A typical example of the progression of questions in Problems and Theorems in Analysis is given by the first three questions in (the American edition of) volume I:
1. In how many different ways can you change one dollar? That is, in how many different ways can you pay 100 cents using five different kinds of coins, cents, nickels, dimes, quarters and half-dollars (worth 1, 5, 10, 25, and 50 cents, respectively)?
2. Let n stand for a non-negative integer and let $A_n$ denote the number of solutions of the Diophantine equation
$$x + 5y + 10z + 25u + 50v = n$$
in non-negative integers. Then the series
$$A_0 + A_1 \zeta + A_2 \zeta^2 + \cdots + A_n\zeta^n + \cdots$$
represents a rational function of $\zeta$. Find it.
3. In how many ways can you put the necessary stamps in one row on an airmail letter sent inside the U.S., using 2, 4, 6, 8 cent stamps? The postage is 10 cents. (Different arrangements of the same values are regarded as different ways.)

The first question sets up an elementary combinatorics question; but the second suggests both a solution (using generating functions) and a generalisation. The third gives another combinatorics question which can be solved by means of generating functions. Indeed, questions 1-26 follow generating function through further examples. Whole areas of mathematics are developed in this way.
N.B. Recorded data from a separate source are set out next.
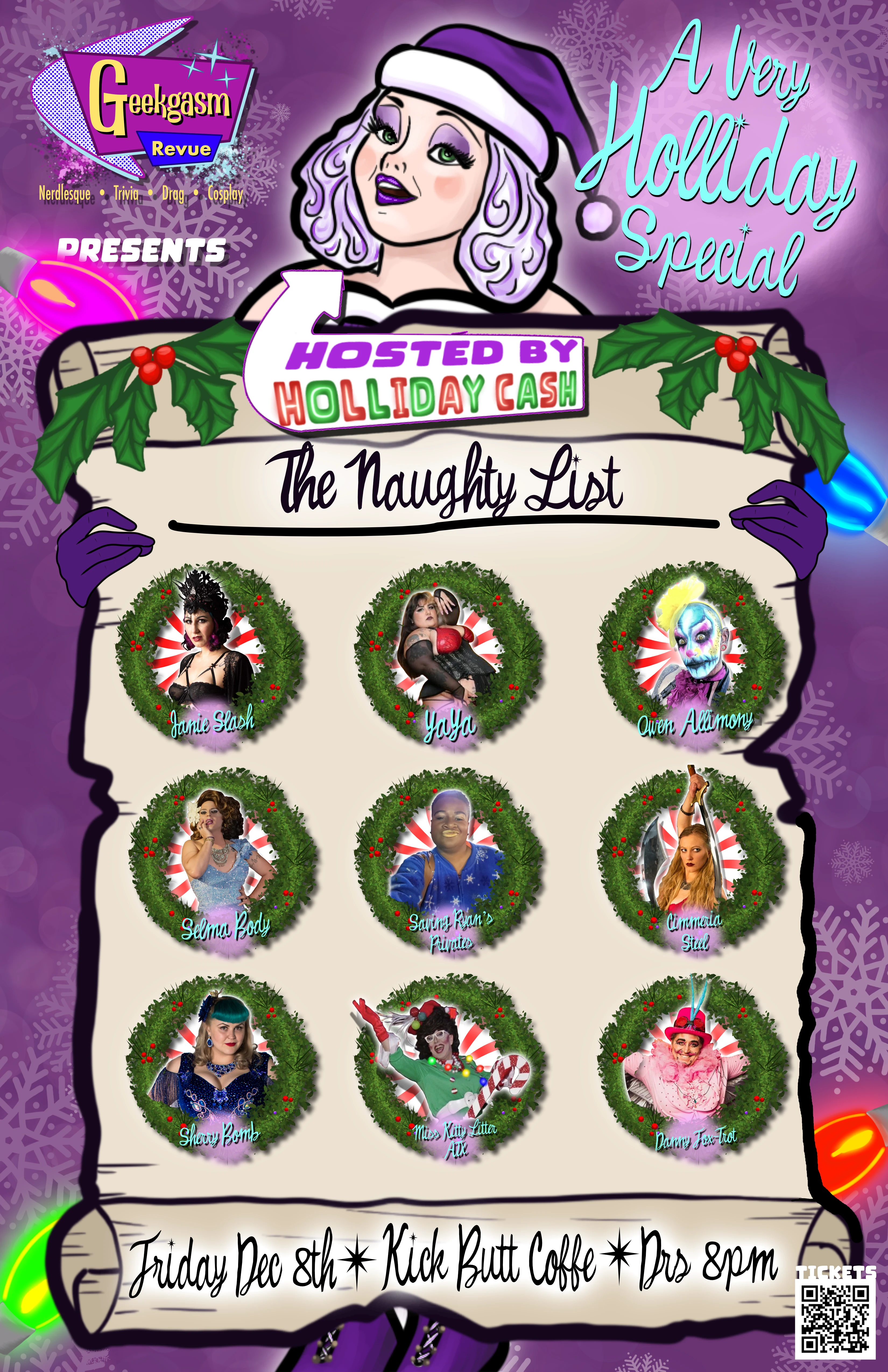 I've Contributed to Geekgasm Revue's rebranding efforts, designed merchandise, and crafted promotional assets for their shows across print and social media.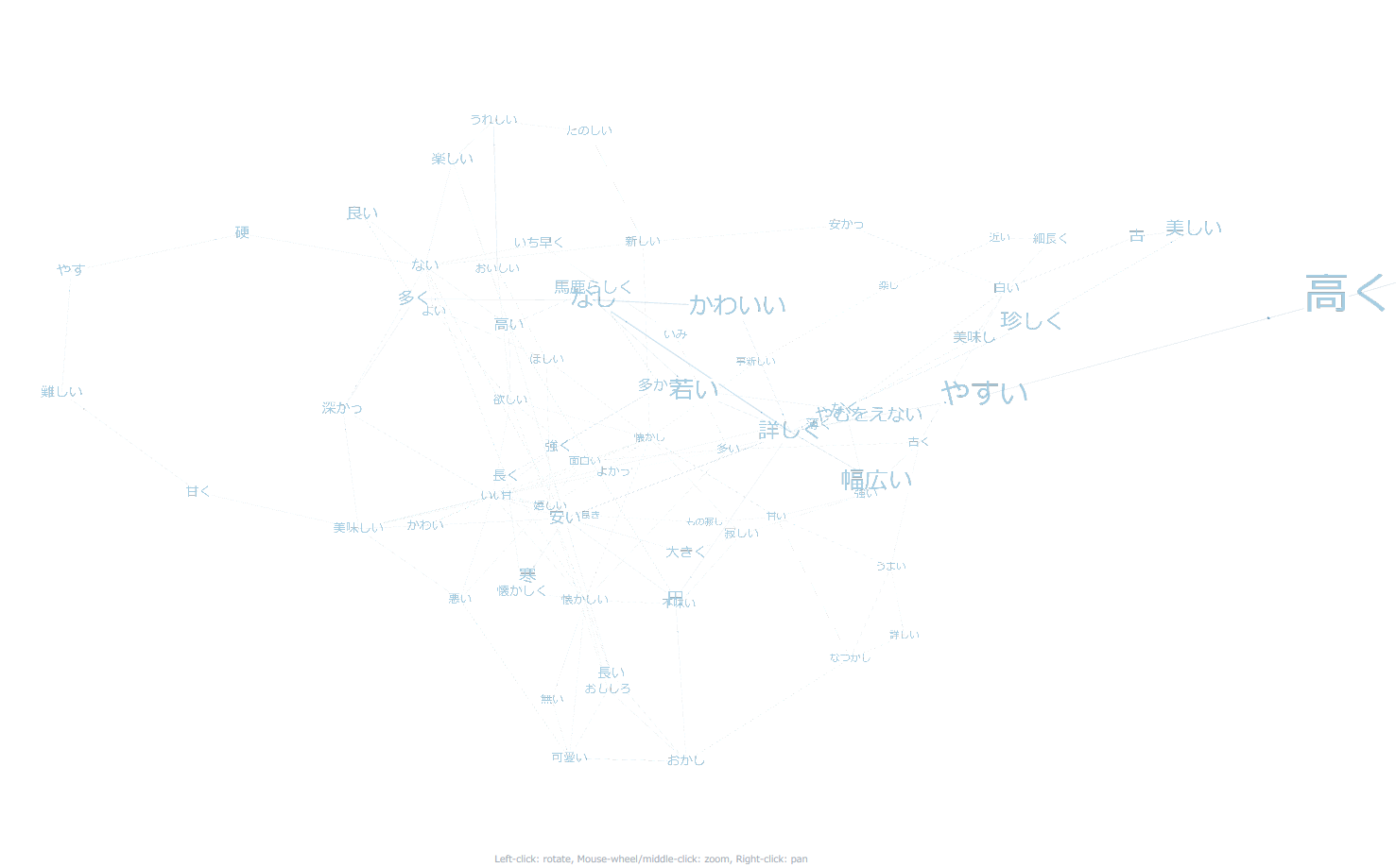 (線の太さがワードの関連度weight、線上を流れる点が向き)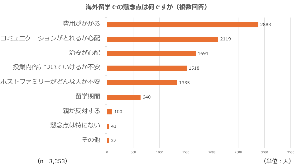 ・海外留学における懸念点は「費用」「コミュニケーション」

Substantial additions were made in the English translation (published in 1972 and 1976), including new sections and back-references to Pólya's other works on problem solving.

==Reception==
Richard Askey and Paul Nevai wrote of the book that, "there is a general consensus among mathematicians that the two-volume Pólya-Szegő is the best written and most useful problem book in the history of mathematics." The book has had its admirers. Various eminent mathematicians (Bernays, Courant, Fejér, E. Landau, F. Riesz, Toeplitz) had read over the galley proofs while the work was in press and its early reviewers (F. Riesz again, Knopp, Tamarkin), not much less eminent, were all effusive in their praise. The careful pedagogy meant that graduate students were able to learn analysis from Problems and Theorems alone. Paul Erdős once approached a young mathematician with a problem taken from volume II and announced "I will give $10 to China if you can solve this problem in ten minutes".

A Russian translation was published in 1937–38. An English translation was published in 1972–76.